To make this population structure work, you'd have to severely cut health spending for old people and let nature take its course, to put it crudely, in a lot more cases, if you want this to work. Government old age pensions would also either have to but cut and/or the contribution rates would have to be raised and/or you'd have to make it so that people were forced to save more privately some how. Both of those are basically political non starters.

You'd also have to have a continually increasing rate of productivity growth as well. If the population is declining, then the economy can't grow without increases in productivity.

ChipNDip
Sep 6, 2010

How many deaths are prevented by an executive order that prevents big box stores from selling seeds, furniture, and paint?

tsa posted:

Even 10 years ago taxi drivers would have laughed at the idea of being replaced by driverless cars but it's probably going to happen within the next couple decades. I think you are greatly underestimating the number of low wage jobs that can be eliminated. Sure janitors sound hard but fast food chains? Warehouse operations (see amazon)? Self-check out lines have gone from basically 0 in 2005 to 400,000 in a decade, and that trend will only increase.

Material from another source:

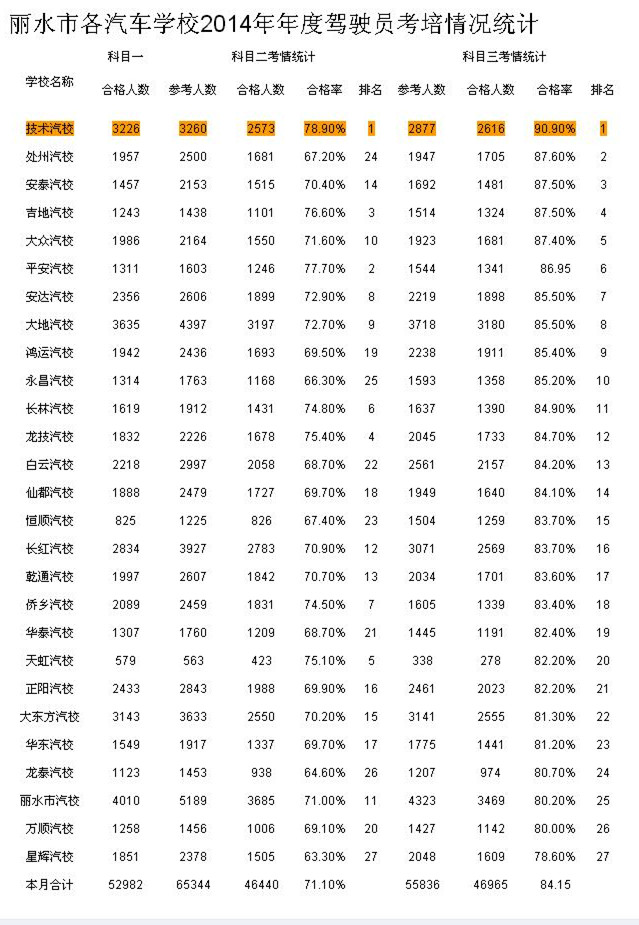 另據(jù)“麗水市各汽車學校2014年年度駕駛員考培情況統(tǒng)計”數(shù)據(jù)顯示,麗汽集團汽校2014年年度駕駛員考培科目二、科目三的考試合格率分別達到78.90%和90.90%,兩項排名均居全市第一。

On the topic of the OP, I find it hard to believe that a small population decline should have us more worried than the fact that human population was virtually stable for millennial and then quadrupled in the last 100 years. Like when my grandma was born there were like 1.5 billion people on this planet and that's just crazy to me.

There was basically no such thing as retirement even as recently as 100 years ago, and health care was not as big of a deal. If you were old and frail, your family took care of you, hopefully, and when you succumbed to a disease, you left this mortal coil. There was no expensive nursing homes, or surgeries, or drawn out end of life care. All of those kinds cost money, and require a young workforce to support them. If we don't worry about that, then, yeah, a declining population for awhile isn't a big deal.